Purpose: Evidence suggests an association between Alzheimer’s Disease (AD) and Type 2 Diabetes Mellitus (T2DM). Metabolic disturbances, including hyperglycaemia, decreased insulin receptor sensitivity and mitochondrial dysfunction are common to both and can cause neuronal damage and degeneration. Studies also indicate that the retina may provide a non-invasive window to view the neuropathology in these conditions - notably via retinal ganglion cell layer (RGCL) thickness changes. Aberrant mitochondrial activity and AD-like pathology had previously been reported in the spontaneous T2DM Goto-Kakizaki rat model (D), but retinal neurones had not yet been studied so were of interest here.

Methods: Retinal sections were cut from 3, 12 and 18 month (m) D eyes and age-matched controls (C). Markers of mitochondrial permeability transition pore (mPTP) formation (VDAC and CypD), pro-apoptotic activity and apoptosis (cytochrome c and caspase-3) and electron transport chain activity (COX-1) were stained for, by immunohistochemistry. Confocal microscopy images were obtained, followed by grading to assess retinal changes in the 6 groups.
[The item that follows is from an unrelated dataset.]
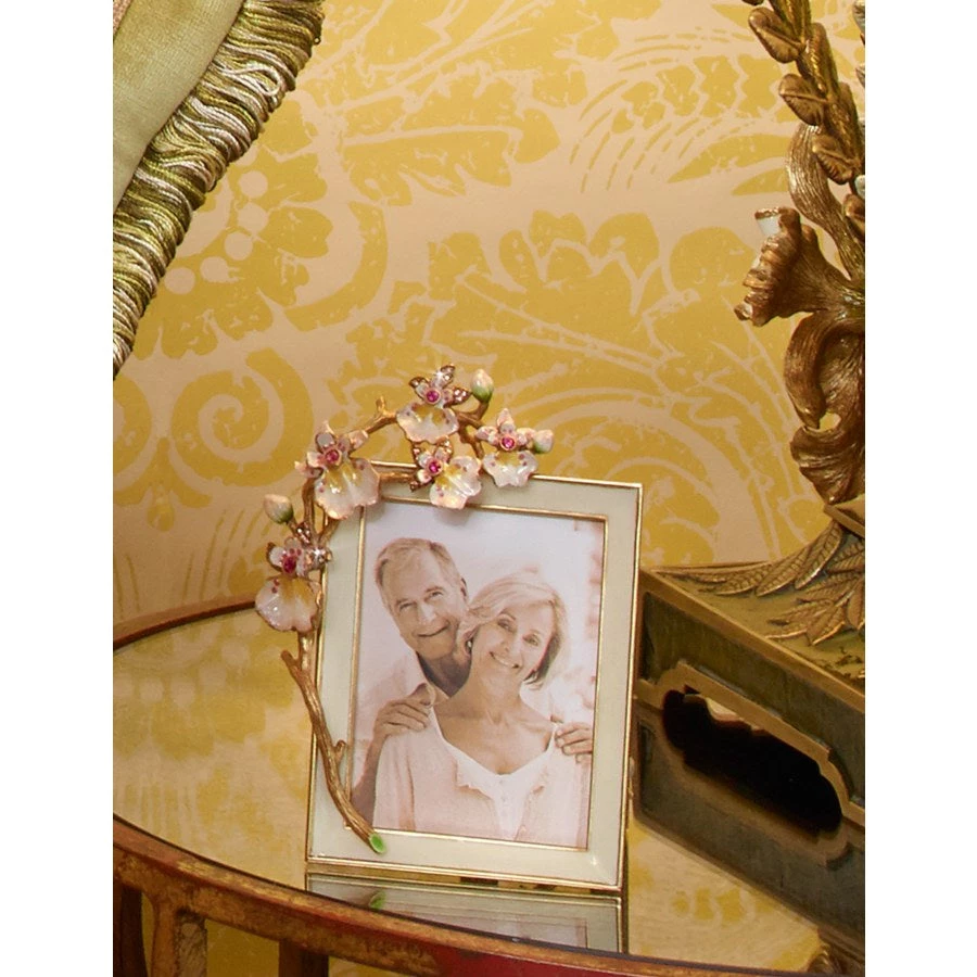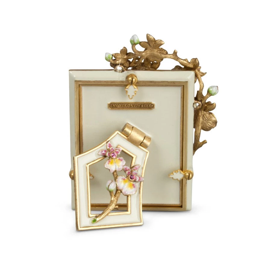 Our Bloomsbury Collection offers graceful, delicate style for table and home. Our creamy white enameled Kelsey Orchid 3″ x 4″ Frame is embellished with delicate hand-painted, jeweled orchids. Each cast metal piece is hand decorated in hothouse colors, and set with twinkling Swarovski® crystals.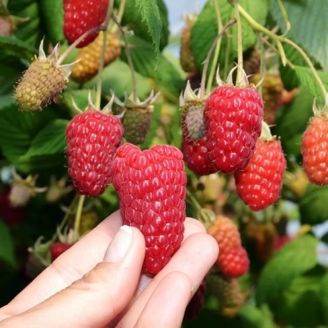 Ягоды: Ягоды цилиндрической и тупоконической формы, крупные. Средняя масса плодов — 9,7 граммов, длина 3–5 см. В каждом урожае встречаются и более крупные экземпляры, весом 12–14 г. Кожица спелой малины интенсивно красного окраса, крепкая, эластичная. Мякоть — мясистая, ароматная. Вкус — нежный, десертный.

Results: When compared to age-matched C, D showed significantly greater levels of staining for VDAC and caspase-3 - particularly at 12m (p<0.01 and p<0.001 respectively, with a minimum of n=3 per group). Unexpectedly, COX-1 showed significantly increased staining in D (p<0.001). CypD and cytochrome c showed a trend towards an increase in staining in D. Interestingly, the greatest staining occurred at 12m for all proteins, rather than the expected 18m.

Conclusions: As far as we are aware, this is the first study of retinal AD changes in the GK model and results indicate aberrant retinal mitochondrial activity, with increased mPTP formation and cell death. These findings resemble previous mitochondrial studies in the brain of other AD models, such as transgenic animals. They reinforce the increasing realization that both the retina and T2DM animals may model the neuropathology of AD. Thus, these results support T2DM as a current and future model of AD, especially as the pathology generated is sporadic - reflecting the majority of AD cases found clinically.